Will test again tomorrow...and keeping EVERYTHING crossed. Our consultant has warned us not to get our hopes up too much just yet as m/c risk is so high, and I'm going to get blood tests done to confirm hcg levels (really nervous due to biochemical pg in Dec).

Please please let this be our time.

g xx


----------



## birdey (Jan 19, 2009)

milo - im sorry that it has not been you rtime this cycle, i think its a brill ides to take some time wawy and get your selves fresh for next try, wishing you all the luck

pixie - thats great news, i know how scared you are we miscarried at 5 half weeks in oct on first go so im petrified with this one but just gotta keep praying thisis our time  

to all of those ladies talking about symptoms, mine have been completly diff to last cycle both were bfp which is why i was worried because i thought they would be the same if both resulting in bfp. apparntly the symptoms can change for many reasons ie diff sex you are carrying, fet or fresh etc soplease dont worry  

kirst x


----------



## tegk68 (Jan 20, 2006)

Milo I'm so, so sorry . Bad news for me too, so I know how you feel.

Couldn't wait for my OTD tomorrow so rushed to the shops this morning and bought a clear blue digital and it said NOT PREGNANT . Am so glad we are off on holiday tomorrow night. Will be nice to get away.

Don't suppose there is any accurate answer to this but anywhere I can find out on this site when to expect my period? I've tried a search but to no avail. Would just like to know.

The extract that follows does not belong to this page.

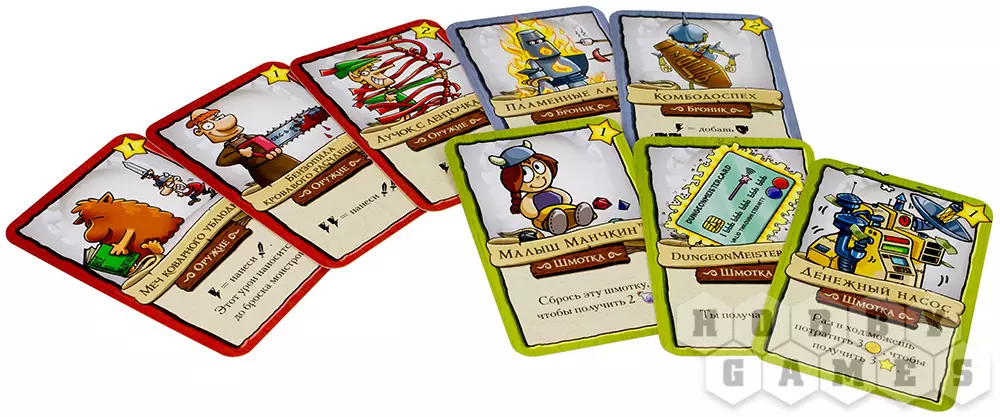 Вы – крутой манчкин, даже если не победили! Получайте награды, отмеченные на картах, опыт для получения уровня и новое снаряжение. После этого можно и прилечь, распределив очки навыков и добрав карты в руку. Ваш ход закончен, но приключение продолжается!

pixie - am thrilled for you. Even though my news is not good, it does cheer me to think of others good news, and gives me hope for next time  

Hope everyone else OK and not going too insane during their 2ww!


----------



## grace222 (Jan 9, 2009)

Period arrived this morning ladies for me too, sorry milo about you too, i think we will take a rest for a few months too if clinic ok it, we so need a holiday. Would you believe it i still have to show up tomo for the bloody blood test! ahhhhh. 
good luck to everyone still waiting. We have enough for one more try thank god so will be back waiting on the dreaded ttw again as soon as we are ready.


----------



## tegk68 (Jan 20, 2006)

So sorry Grace


----------



## Bonchance (Feb 7, 2009)

Milo -so sorry that it is not good news for you this time 

Pixie - congratulations on BFP   and hope all continues to go well for you 

Teg -am sorry about your sad news -take care of yourself and have a fab time away 

Grace -don't want to give you false hope but I have heard that you can still have a bleed even when pregnant so def worth going to have blood test I think  

Take care everyone else on 2WW 
Bonchance


----------



## poppins (Oct 20, 2004)

Hi,

Milo, Teg & Grace, Sorry to here your sad news all of you.   

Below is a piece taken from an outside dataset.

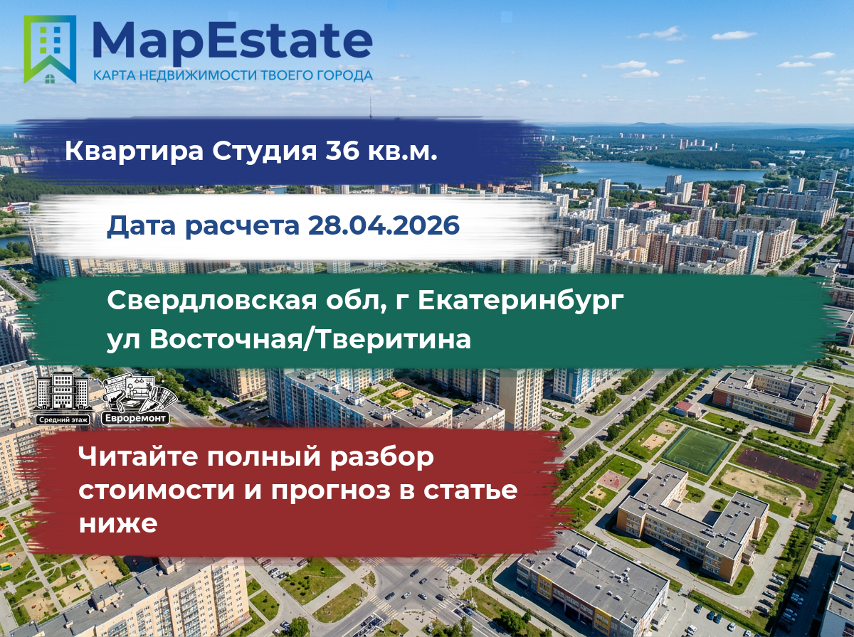 Сколько стоит квартира 36 м² в свердловская обл, г екатеринбург, ул восточная/тверитина?

Pixie, Congrats to you, fingers crossed for you too.  

I'm having up and down moments sinde this morning trying to stay positive but its hard.     

Pooppins x


----------



## poppins (Oct 20, 2004)

*Hee Hee!    

OOOOP's I put Pooppins that made me laugh!*


----------



## Bonchance (Feb 7, 2009)

Hang in there Poppins  - you must have real strength .. look at all you have been through and you are still going.. you really are an inspiration 

Have you ever tried listening to the Zita West CD for relaxation during the 2WW - I ordered mine from net and it arrived next day in the post (during a previous ICSI).  I have used this lots - I put it on my ipod and listen to it several times a day and it helped calm me down and keep a positive focus.  I also have been having acupuncture for one year now and I think this has helped me stay relaxed and positive also.

Good luck and I really hope this will your time   
Take care, Bonchance x


----------



## brendabell (Mar 21, 2009)

Can I add my name to the list please.

DE ICSI/IVF.  Test date:  9th July

Sending good luck to all your other 2WW ladies out there.

Brendabell
x


----------



## Bonchance (Feb 7, 2009)

Good luck Brenda   
I had DEIVF/ICSI also, had my ET on 18th June. I tested early, yest am and got a BFP.
Take care, Bonchance


----------



## grace222 (Jan 9, 2009)

my god this really is a roller coaster, after certainty this morning about period, im now thinking late implantation, and doing google searches......    
I will go tomo for blood test because clinic say i have too and to get it into my thick head my god i wouldnt wish this on my worst....big hug everyone x


----------



## poppins (Oct 20, 2004)

Hi,

Bonchance, thank you! I listened to it before and after acupuncture at the zita west clinic, its great I dont have it but know how to do the positive visualisation which I do lots through the day, also from her book, I repeat "I am pregnant it is working" too!!!!  

Brendabell, Welcome, and best of luck, a fresh starter to keep us positive! 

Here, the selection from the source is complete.